Больше всего мне по душе зима. Осенью дождь, сыро. Если не в поле, то дома сижу у окна. Хочется на улицу, но куда там! Мама разве пустит. Другое дело зимой. Солнечно, легкий морозец. После школы дома не сидится. Скорее, скорее на улицу. Сани в руки и на гору, на Венец – уж если развлечься хочется получше, так только там, на Венце. Горы выше нигде не сыскать. Высокая и не крутая. Лыжня на версту тянется.

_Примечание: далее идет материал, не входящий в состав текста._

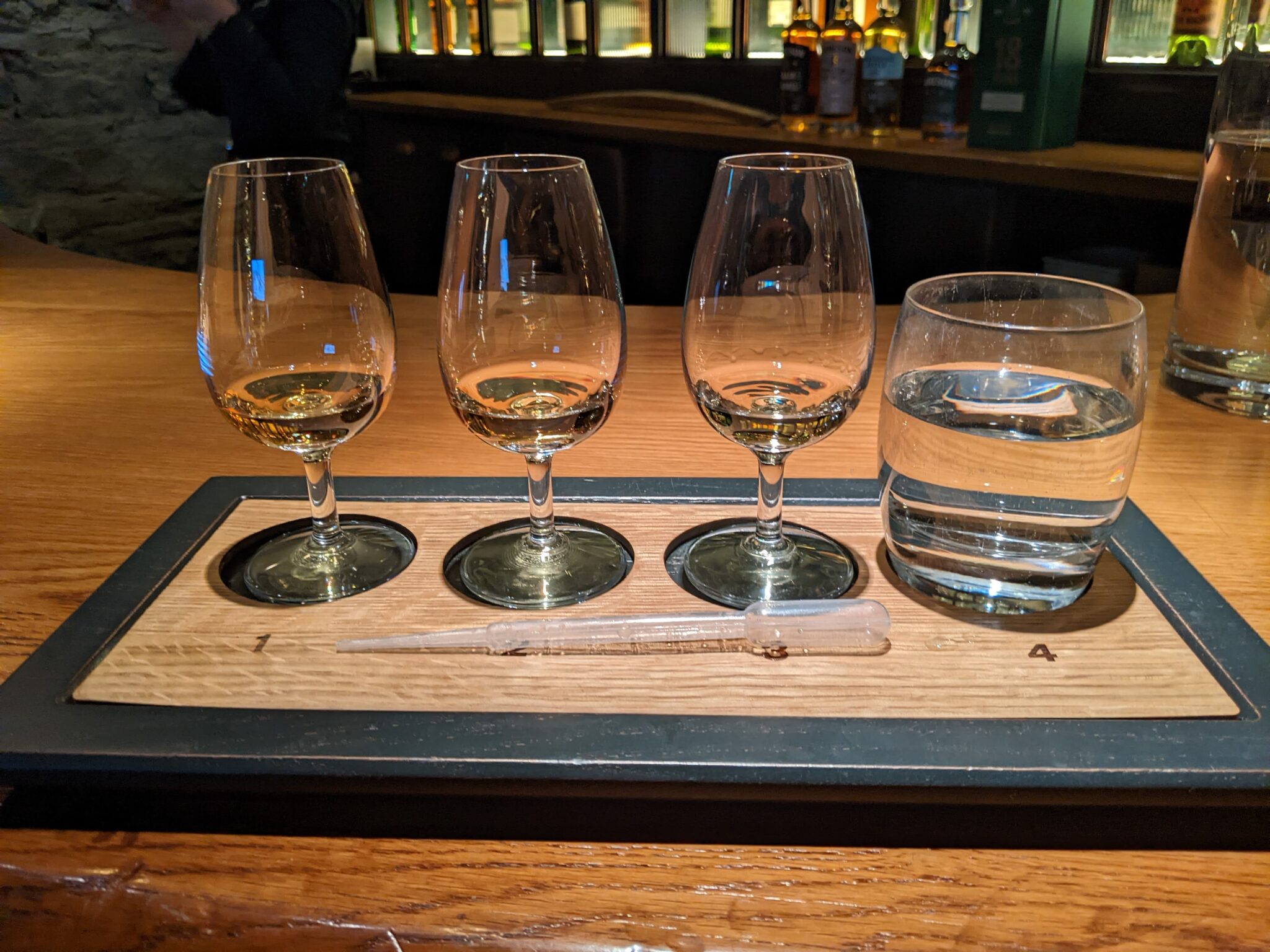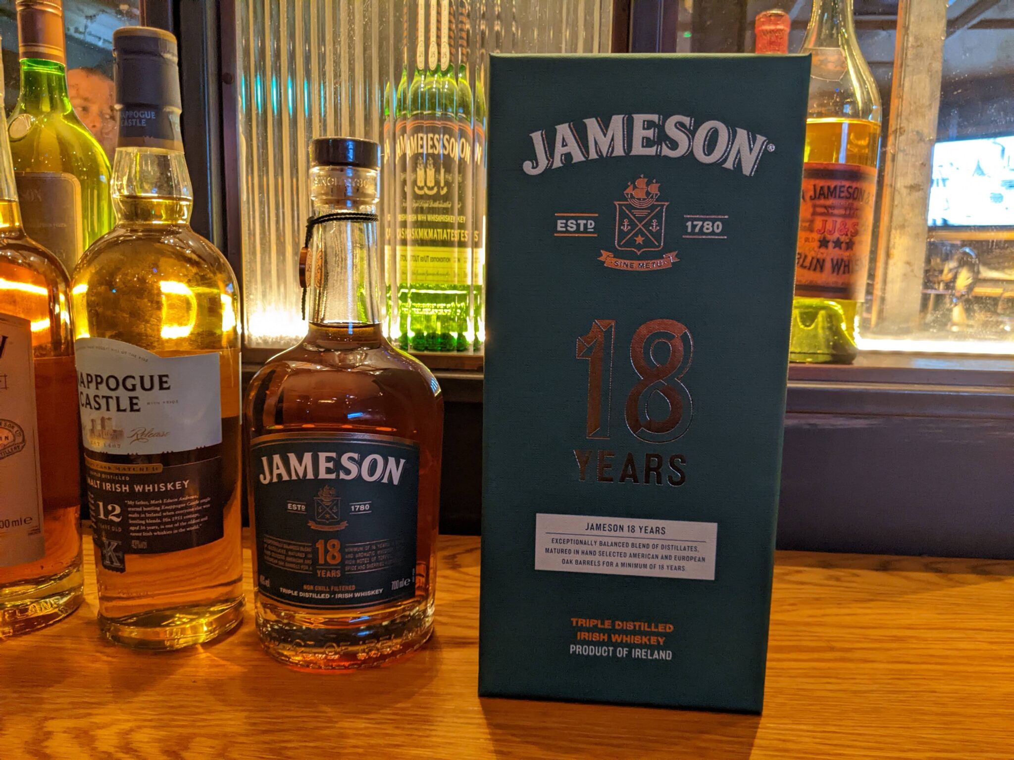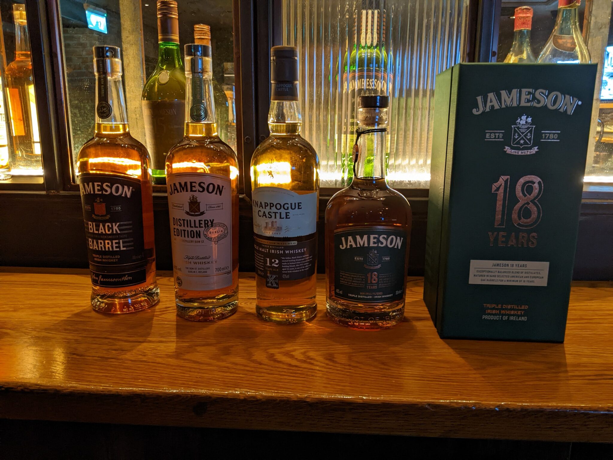 At the end of the Bow Street Experience, we return to the main lobby where I proceed to get my “ticket” for the Secret Whiskey Tasting. After a short wait, our tasting group starts to form and we are led through a small door, through a hallway and into a back room. This room is setup like a private bar and we’re told this used to be John Jameson’s own office. But now is the place that the Secret Whiskey Tasting occurs. We all find our seats and our guide then takes us through the four selections that will make up our tasting. These include: Jameson Black Barrel (which we had on the bow street experience), Jameson Distillery Edition, Knappogue Castle Single Malt, and the Jameson 18 Years.

Больше всех впечатлений от зимы – масленица. Целая неделя праздника. Катание на лошадях. В те годы в редком доме не было лошади. У более состоятельных мужиков имелись специальные выездные сани.

Детвору катали на розвальнях. Обоз в двадцать–тридцать подвод медленно «плывет» по центральной улице. Перед концом деревни обоз поворачивают и обратно до следующего поворота у школы. И так целый день. Мальчишки, те, что постарше, перебегают с одной подводы на другую. Ради баловства отстегивают вожжи.

Все дни масленицы отец доверял мне нашу Голубку. Голубка шустрая, непослушная молодая лошадь. При повороте обоза у школы, увидев свой дом, не раз случалось, оставляет обоз и бегом домой. Отец пожурит и снова проводит ее в обоз.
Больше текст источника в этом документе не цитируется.